The Book and the Brotherhood
- First edition cover
- Author: Iris Murdoch
- Cover artist: Tom Phillips
- Language: English
- Publisher: Chatto & Windus
- Publication date: 1987
- Publication place: United Kingdom
- Media type: Print
- Pages: 601pp
- ISBN: 0-7011-3251-5
- OCLC: 16087541
- Dewey Decimal: 823/.914 19
- LC Class: PR6063.U7 B66 1987

= The Book and the Brotherhood =

Novel by Iris Murdoch

The Book and the Brotherhood is the 23rd novel of Iris Murdoch, first published in 1987. Considered by some critics to be among her best novels, it is the story of a circle of Oxford University graduates in 1980s England. The eponymous book is a theoretical work on Marxism which is to be written by a member of the group. After graduating from university the friends had agreed to finance the writing of this book as a 'brotherhood' but grow uneasy as no written work is in sight and the stipend continues to be paid.

==Plot ==
David Crimond, tasked with writing the book, resurfaces at a Commemoration ball the friends attend. His sudden re-appearance induces the group to attempt resolving the untenable situation by pressing for clarification. In turn they find themselves confronted with how far removed they are from their former Marxist beliefs and their own philosophical disorientation. As Crimond promises progress in the book, his draw causes the members of the circle to plunge into chaos.

== Main characters ==

- David Crimond, who is to write the book. Born to Scottish working-class parents he met the group at Oxford and went on to become a minor leftist theorist.
- Gerard Hernshaw, member of the original group at Oxford who has just retired from a successful career in the home civil service and is de facto in charge of the 'brotherhood'.
- Jenkin Riderhood, Oxford graduate and now a recluse schoolteacher with an interest in liberation theology.
- Duncan Cambus, another Oxford graduate and former diplomat.
- Jean Kowitz, daughter of a wealthy New York banker, was an Oxford contemporary and is now in a troubled marriage with Duncan.
- Rose Curtland, heir to a minor aristocratic family and sister of a deceased friend; is now also part of the set.
- Tamar Hernshaw, Gerard's niece troubled by the financial and emotional problems of her mother.
- Gulliver Ashe, who graduated from a London college and was drawn into the group later on, is now a socially anxious unemployed writer and artist.
- Lily Boyne, born poor but comes into money through a marriage, is fascinated by Crimond and the group circling around him.

==Major themes==
Crimond is a classic example of Murdoch's "enchanter" archetype: the enigmatic character whose charisma inspires others to devote themselves to him.
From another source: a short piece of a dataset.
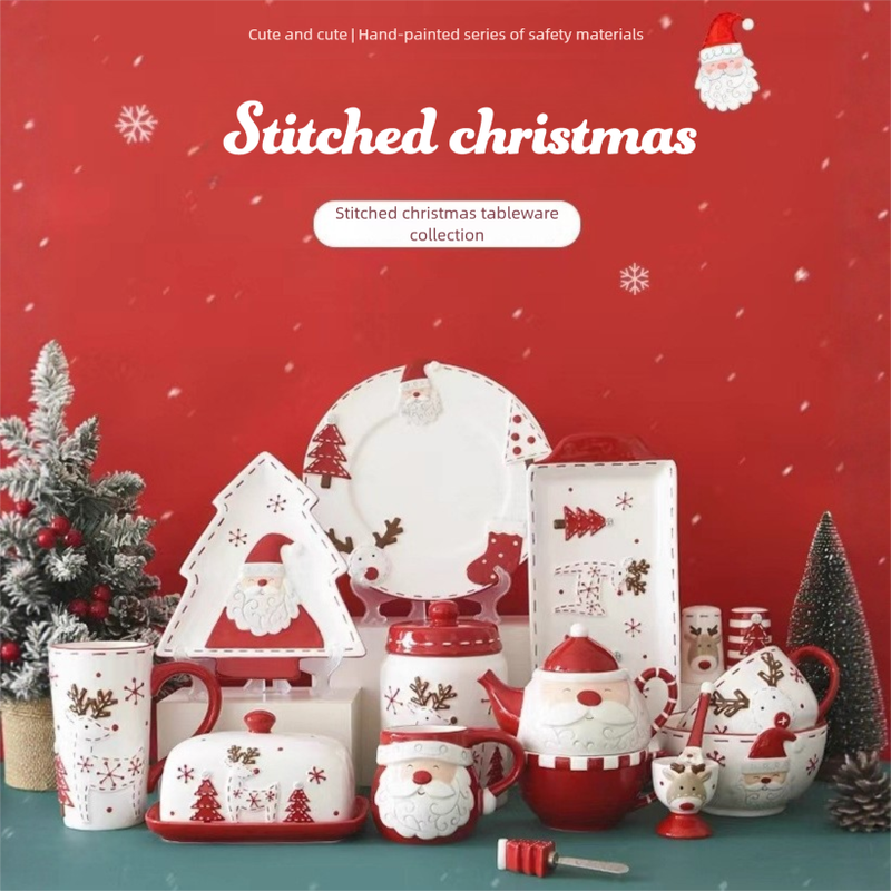 Cross-Border Hot Sale In Stock Factory Direct Wholesale Nordic Christmas Limited Edition Tableware Bowls Plates Cups

The Book and the Brotherhood joins a novel of ideas with finely-drawn characters in unusually emotionally intense relations to each other. It is notable for its detailed, wide-ranging opening scene at an Oxford ball during which every major character in the novel is introduced. The London Review of Books highlights the upper-middle class establishment background of the majority of characters and Murdoch's ability to trace the limits of this social class, while the New York Times describes the book as 'a triumphal celebration of literacy as a social bond'.

==Awards and nominations==
The Book and the Brotherhood was shortlisted for the 1987 Booker Prize.